The answer must consist solely of the lines from the one with "9月17日下午,人文与管理学" through the last line of the data, copied exactly, with no pictures.

Supplied data -
___

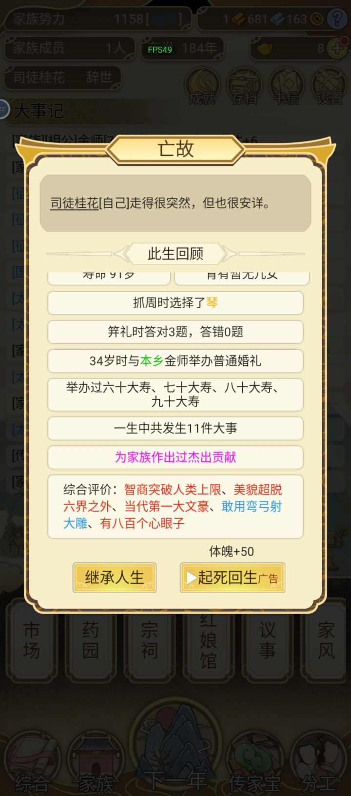 玩了一段时间基本财富自由了。总结了一下,给开发者反馈点意见,玩家作为参考。1,宗族观念不够直观。只能追溯到上三代,下一代家主继承后,同辈旁系都会被清除,不会出现在家谱里。家谱的格式可以参考一下树状图形式,旁系后代不再更新就是了,没必要直接消失掉。这样玩家点开家谱后还有点成就感,能条理清晰的看到自己家族的嫡系传承。2,游戏的重复性太高了。到了中后期基本就是宗祠祈福,升官,家里人入仕之后一路干到一
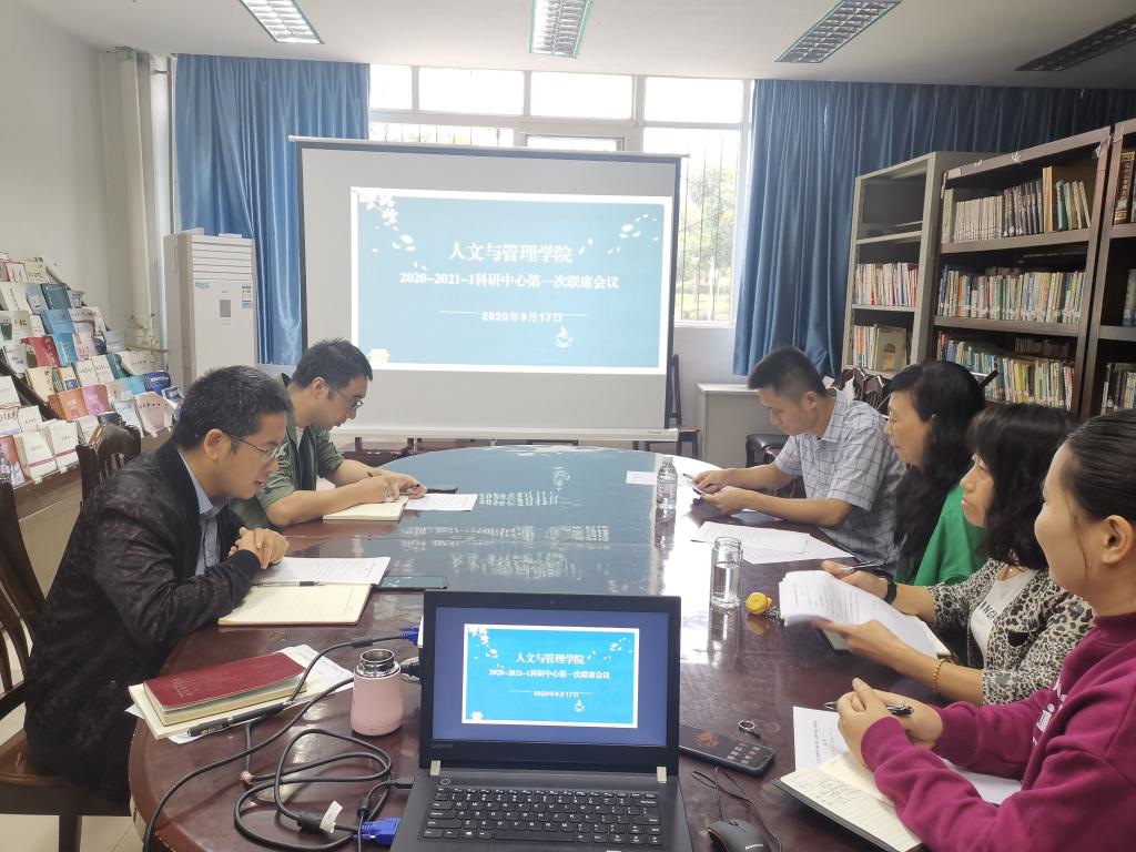 9月17日下午,人文与管理学院在荟文楼一楼图书资料室召开本学期科研中心第一次联席会,人文与管理学院党总支书记陈屹,副院长谷满意,各科研中心及教务科负责人参加会议。会议由谷满意主持。
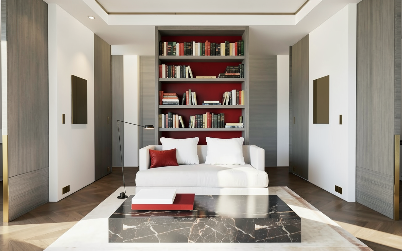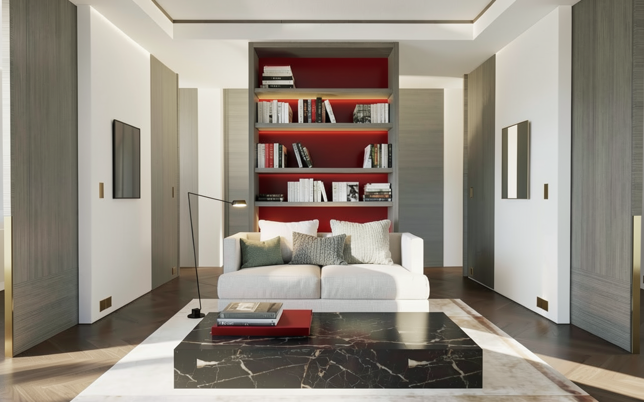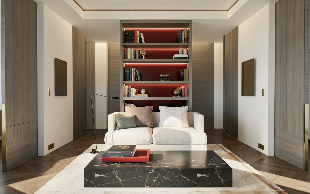 from top view of the living room additional light cove and spot down light on ceiling enhance the brightness of the space morning sun light from outside top bottom island cabinet with led strip display cabinet with some wine liquors a high chandelier crystal pendant light center above island table

___

Solution -
 9月17日下午,人文与管理学院在荟文楼一楼图书资料室召开本学期科研中心第一次联席会,人文与管理学院党总支书记陈屹,副院长谷满意,各科研中心及教务科负责人参加会议。会议由谷满意主持。
 from top view of the living room additional light cove and spot down light on ceiling enhance the brightness of the space morning sun light from outside top bottom island cabinet with led strip display cabinet with some wine liquors a high chandelier crystal pendant light center above island table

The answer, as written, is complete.